Disruption of Glut1 in Hematopoietic Stem Cells Prevents Myelopoiesis and Enhanced Glucose Flux in Atheromatous Plaques of ApoE^-/- Mice

Abstract

Rationale: Inflamed atherosclerotic plaques can be visualized by non-invasive PET-CT imaging with ¹⁸FDG, a glucose analog but the underlying mechanisms are poorly understood.

Objective: Here, we directly investigated the role of Glut1-mediated glucose uptake in ApoE^-/- mouse model of atherosclerosis.
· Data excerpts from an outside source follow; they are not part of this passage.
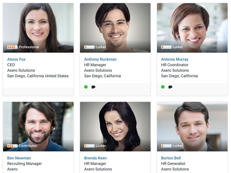 With Axero Solutions' user-friendly employee directory software, your teams and coworkers can quickly access detailed profiles, an organizational chart, and other useful tools. Axero Solutions promotes a culture of closeness and humanization in organizations. Finding and contacting coworkers is a breeze using Axero's built-in employee directory.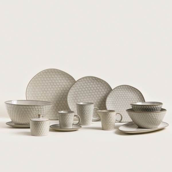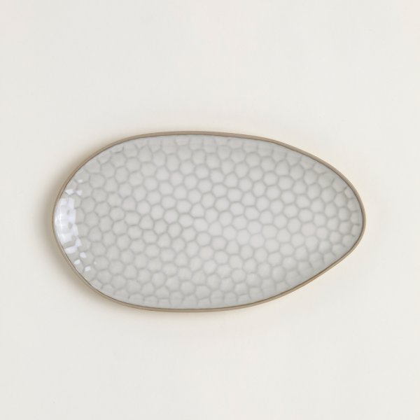 Bandeja de cerámica con textura tipo panal. Esmaltado. Largo: 33cm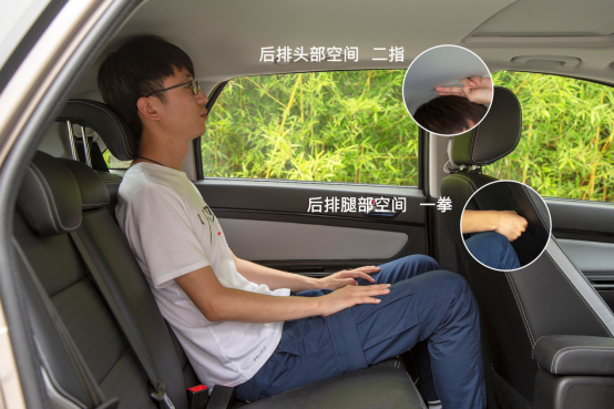 在前排座椅調(diào)整到舒適坐姿之后,測(cè)試者在后排的頭部空間也要超過(guò)兩指,腿部空間超過(guò)一拳,日常乘坐毫無(wú)問(wèn)題。后排中央的凸起高度很小,絲毫不影響中間乘客的腿部空間。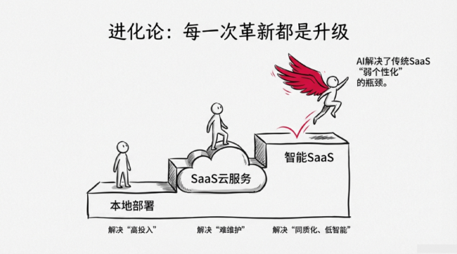 從最早的本地部署軟件,到后來SaaS上云,核心邏輯從來不是“把舊的干掉”,而是“讓好的更好”。以前上云,是為了解決企業(yè)買服務(wù)器、維護系統(tǒng)太麻煩的問題;現(xiàn)在AI來了,是為了解決SaaS“功能同質(zhì)化、不夠聰明、個性化成本高”的難題。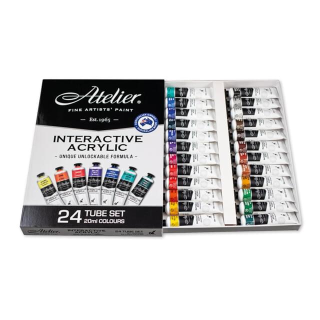 ATELIER INTERACTIVE 24x20ml ARTISTS TUBE BOX SET. Contains one 20ml tube each of Titanium White, Arylamide Yellow Light, Arylamide Yellow Deep , Quinacridone Magenta, Yellow Ochre, Raw Sienna Dark, Burnt Sienna, Orange, Pyrrole Red, Crimson, Light Red Ochre, Burnt Umber, Raw Umber, Toning Grey Mid, Cerulean Blue Hue, French Ultramarine Blue, Pthalo Blue, Prussian Blue Hue, Cobalt Turquoise Light Hue, Perm Sap Green, Chromium Green Oxide, Pthalo Green, Brilliant Violet, Carbon Black. |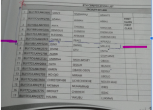 Snapshot from the convocation booklet shows Rosemary Keccy Busari as the first-class student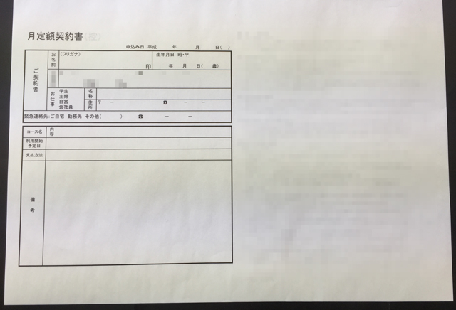 東京都のエステティック業R様より頂いた【月定額契約書】の納品実績です。
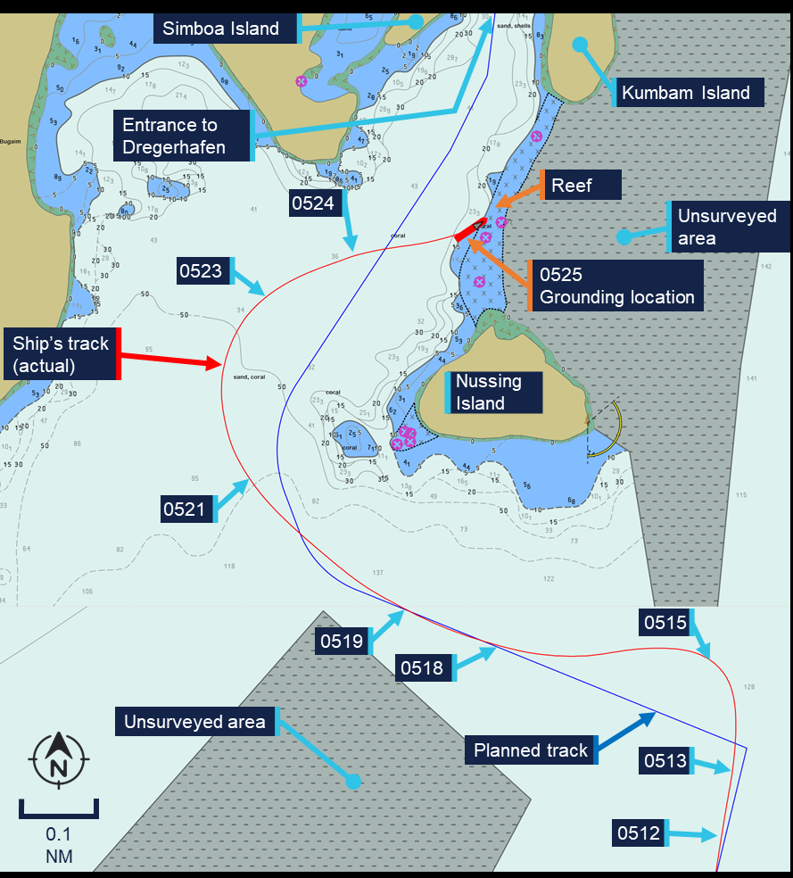 At 0524, the master arrived on the bridge, and visually spotted shallow water ahead; the ship grounded about 15 seconds after the master's warning. The Coral Adventurer came from 8.5 knots to a halt by 0525:30.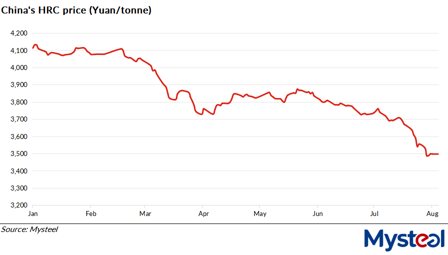 As of July 31, China's spot price of Q235 4.75mm HRC under Mysteel's assessment was at Yuan 3,488/t including the VAT, lower by Yuan 239/t or 6.4% on month.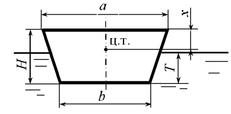 Определить, остойчив ли понтон длиной L = 6 м, плавающий в воде в положении, указанном на схеме (рис. 1), если а=2м, b=1м, Н = 1,6 м, Т = 0,5 и x=0,5 м.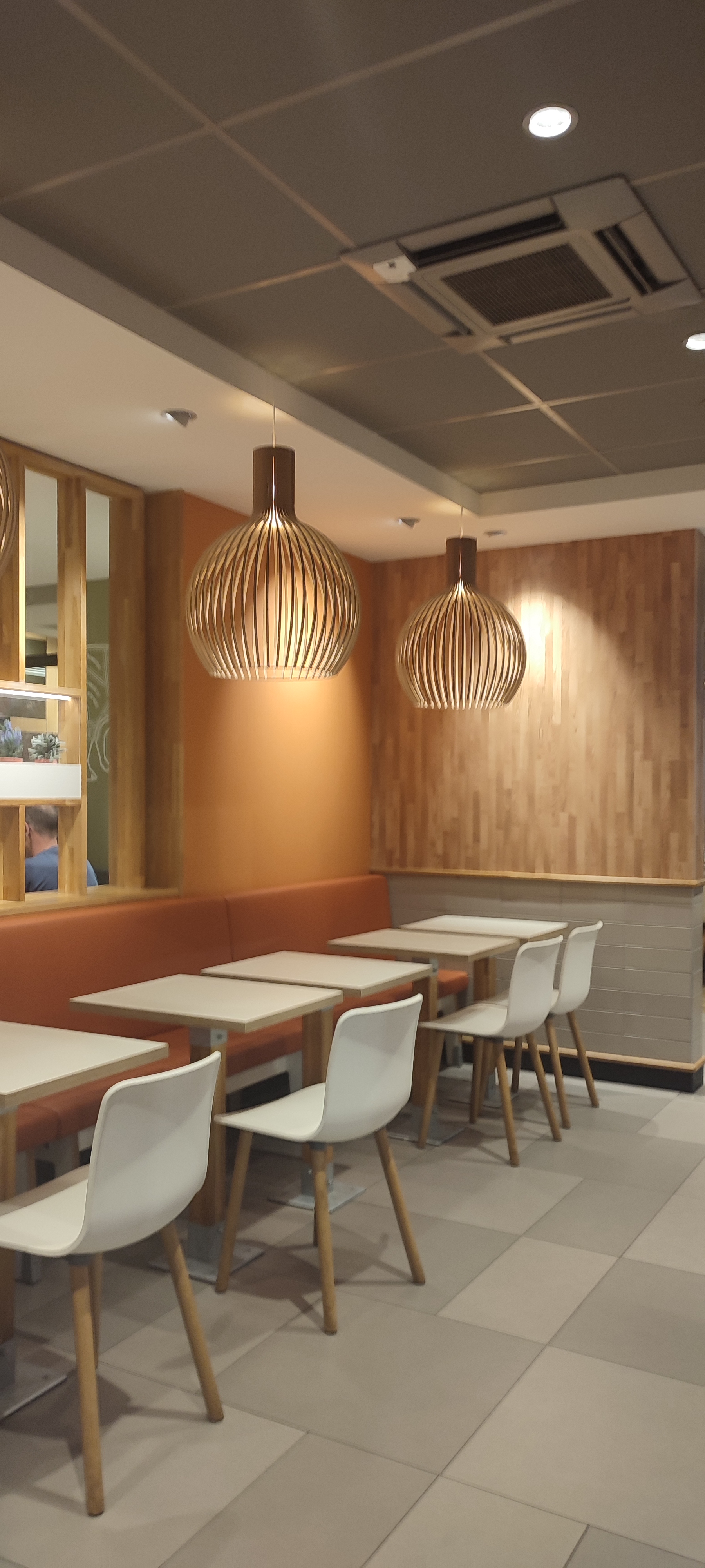 Très jolie déco entièrement refaite. La salle est sympa, service à table dans des contenants recyclables, toilettes bien entretenues. Petit bémol sur la propreté des tables, le nettoyage entre 2 clients n'est pas fait automatiquement. Petit point à améliorer.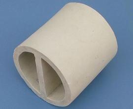 陶瓷一字環是基于增加填料的比表面以強化傳質效率的想法之上而開發出來的,其結構是在拉西環中增設了一字隔板。一般來講,陶瓷一字環填料由于尺寸較大,僅適用于整齊堆砌,目前一般只作為亂堆填料的塔底支撐分布層用。Φ80-200mm規格的十字隔板環可作支承材料,空隙率大于60%,個數為整聚數。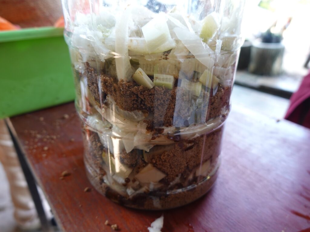 Proses Penapaian: Menggunakan mikroorganisma efektif (EM) dalam dedak untuk merawat sisa.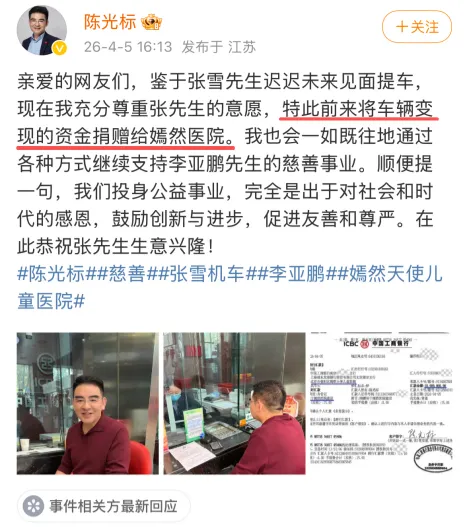 他说:“鉴于张雪先生迟迟未来见面提车,现在充分尊重张先生的意愿,特此将车辆变现的资金捐赠给嫣然医院”。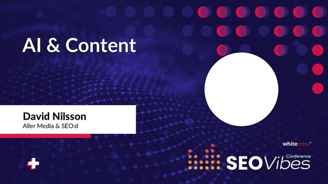 22/9 2023 I talked about "SEO: AI & Content" on SEO Vibes Stockholm for +100 people. This is the presentation from that talk. Thanks to WhitePress for inviting me.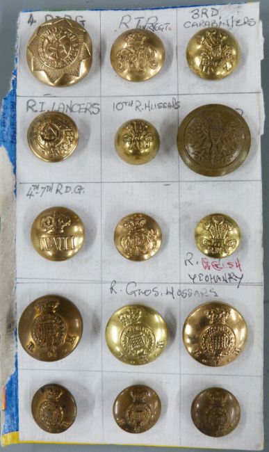 Approximately one hundred British Army buttons for Infantry and Cavalry Regiments including Light Infantry, Guards Brigade, Fusiliers, a set of Queen Victoria's Rifles 9th London Regiment with shoulder titles, Royal Gloucestershire Hussars, 10th Hussars, 4th/7th Dragoons, 21st Lancers etc

Methods and Results: We first show that the enhanced glycolytic flux in atheromatous plaques of ApoE^-/- mice was associated with the enhanced metabolic activity of hematopoietic stem and multi-potential progenitors (HSPCs) and higher Glut1 expression in these cells. Mechanistically, the regulation of Glut1 in ApoE^-/- HSPCs was not due to alterations in hypoxia-inducible factor 1α (HIF1α) signaling or the oxygenation status of the bone marrow but was the consequence of the activation of the common β subunit of the granulocyte macrophage colony-stimulating factor/interleukin-3 receptor driving glycolytic substrate utilization by mitochondria. By transplanting BM from WT, Glut1^+/-, ApoE^-/- and ApoE^-/-Glut1^+/- mice into hypercholesterolemic ApoE deficient mice, we found that Glut1 deficiency reversed ApoE^-/- HSPC proliferation and expansion, which prevented the myelopoiesis and accelerated atherosclerosis of ApoE^-/- mice transplanted with ApoE^-/- BM and resulted in reduced glucose uptake in the spleen and aortic arch of these mice.

Conclusions: We identified that Glut1 connects the enhanced glucose uptake in atheromatous plaques of ApoE^-/- mice with their myelopoiesis through regulation of HSPC maintenance and myelomonocytic fate and suggest Glut1 as potential drug target for atherosclerosis.